Алина резко поворачивается ко мне, глаза сверкают. Сейчас она больше всего напоминает амазонку. Такая же воинственная и решительная.
— Я сейчас вызову полицию, и ты напишешь на него заявление! Пусть его посадят за… — она на мгновение задумывается, сжимая губы. — …за преследование и шантаж!
— Шантаж? — вскидываюсь. — Чем он меня шантажирует?
— Да хоть фактом своего существования! — Алина горячо взмахивает руками. — Подумаем, как это обосновать, главное, чтобы он понял, что ты не боишься!
— Алин, — устало вздыхаю и провожу рукой по лицу. — Он наркоман, а не мафиози. Сомневаюсь, что полиция будет его искать по моей жалобе.
— И что теперь, просто позволить ему таскаться к тебе?! — кипит она.
В этот момент с улицы доносится звук полицейской сирены.
— О! На ловца и зверь бежит! — восклицает Алина, бросаясь к окну.
Я смотрю на неё, не совсем понимая, что происходит.
Девушка несколько секунд внимательно смотрит вниз, а потом поворачивается ко мне с удивлённым и восхищённым выражением на лице.
— Сонь, а там это… Твоего папашу полиция забирает… И это… Кажется, Горин что-то с ними решает…
— Что? — подскакиваю к окну с бешено колотящимся сердцем.
Сквозь стекло вижу, как два полицейских сажают Шибанова в машину. Рядом стоит Егор. По его напряжённым плечам видно, что он не так уж безразличен к происходящему. Он разговаривает с одним из полицейских, а тот кивает и записывает что-то в протокол.
Сердце сжимается от странной смеси благодарности и смущения.

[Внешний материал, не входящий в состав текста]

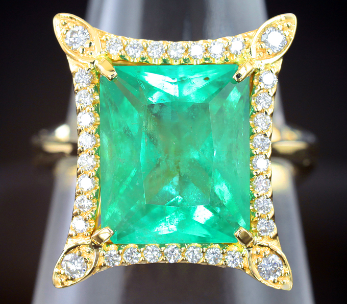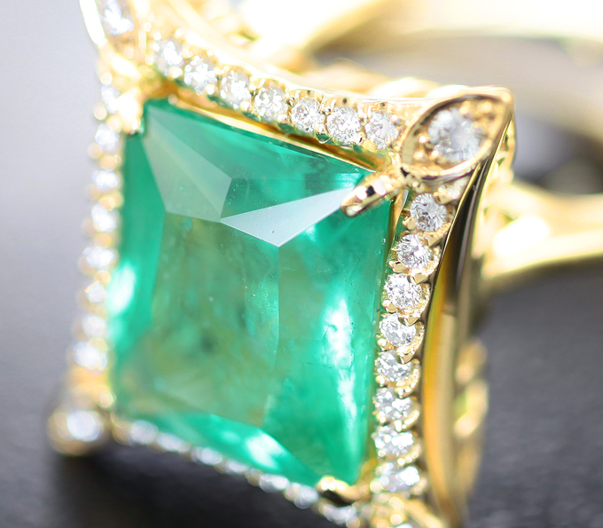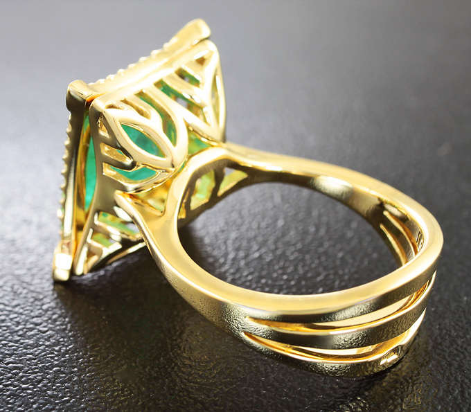 Вашему вниманию предлагается кольцо из желтого золота 585 пробы с уральским изумрудом и 34 бриллиантами! Диаметр дополнительной инкрустации 1,1 мм и 1,5 мм. Площадка 17 х 14 мм, высота 10 мм. Вес изделия 7,6 г. Размер 16,25. Ниже приводятся ювелирные характеристики вставки.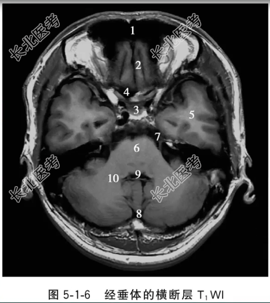 - 单项选择题经垂体的横断层T1WI中,标记为3的结构是

— Вот это я понимаю, мужик! — восхищённо заявляет Алина. — Слушай, Сонь, он реально за тебя горой стоит! Он же даже не Горыныч, а целый дракон.
Улыбаюсь непонятному щемящему чувству внутри. Я очень благодарна Горину за то, что разрулил ситуацию, но мне ужасно страшно, что он теперь будет думать обо мне. Смогу ли я рассказать ему правду? Будет ли у меня такой шанс?
Стоим с Алиной у окна, прижавшись к стеклу, и следим за тем, как уезжает полицейская машина. Внутри меня что-то сжимается, но я не могу оторвать взгляда от Горина. И, как только машина исчезает за поворотом, он поворачивается. Его глаза находят мои — прямой, напряжённый взгляд сверлит меня. Сердце бухает в грудной клетке, пытаясь сбежать подальше от своей глупой хозяйки.
Горин опускает голову и направляется в общагу, а я продолжаю стоять у окна и ощущаю, как воздух становится тяжелым, а дыхание куда-то пропадает.
— Пойду, помогу Рите с ужином, — пищит Алина и быстро убегает из комнаты.
Я не могу слышать шаги в коридоре — это невозможно физически. Но я их слышу — резкую, быструю поступь Горина.
Не оборачиваюсь, когда дверь распахивается и закрывается с тихим хлопком. Не оборачиваюсь, когда шаги приближаются и затихают за моей спиной. Не оборачиваюсь, когда крепкие руки с силой сжимают мои плечи. И только закрываю глаза, когда чувствую горячее дыхание у виска.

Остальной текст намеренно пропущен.